Orchestration and Prompt Management

The use of structured prompt templates, loaded from a `prompt.json` file, is a recognized security best practice. It helps enforce a consistent structure on the inputs to the LLMs, which can mitigate some simpler forms of prompt injection. However, it is not a complete defense against sophisticated indirect injection attacks originating from the log data itself.

The Hybrid Retrieval Core

The HybridRetriever class, found in multiagent.py, is the heart of the data ingestion process. The combination of BM25’s lexical precision and FAISS’s semantic depth provides robust retrieval capabilities. For security teams looking to implement such a system, tuning the weighting between these two retrievers is a critical task. Over-reliance on semantic search could lead to false positives, while over-reliance on keyword search could miss novel threats.

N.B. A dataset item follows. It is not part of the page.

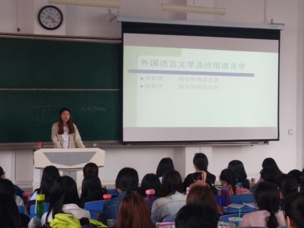 会上,考入西安外国语大学的阮彩凤、王玉、张亮、陈晨、杨敏、张欣欣、考入西北大学的张亮、考入华侨大学的李敏八位同学分别从考研目标的确定、报考院校和专业选择、自信心的树立、专业课及公共课复习计划的制定和执行、备考和复试技巧等方面分享了他们的经验与感悟,同时与学弟学妹们进行了现场沟通交流。

Conclusion: A Paradigm Shift for SecOps with New Risks

Multi-agent RAG systems represent a significant evolution in automated log analysis and security operations. They can transform unstructured, high-volume log data into actionable intelligence, acting as a powerful force multiplier for security teams. However, this power comes with inherent risks. The very components that enable this—agentic reasoning, dynamic control flow, and reliance on LLM generation—also create a new attack surface.

For AI red teamers, the focus shifts from exploiting traditional software vulnerabilities to manipulating the AI’s “perception” and “reasoning.” For AI security engineers, the challenge is to build robust validation, sandboxing, and content filtering around each agent in the workflow. Securing these systems requires a deep understanding of both their architecture and the adversarial mindset. The era of simply analyzing logs is over; we must now secure the AI that analyzes the logs for us.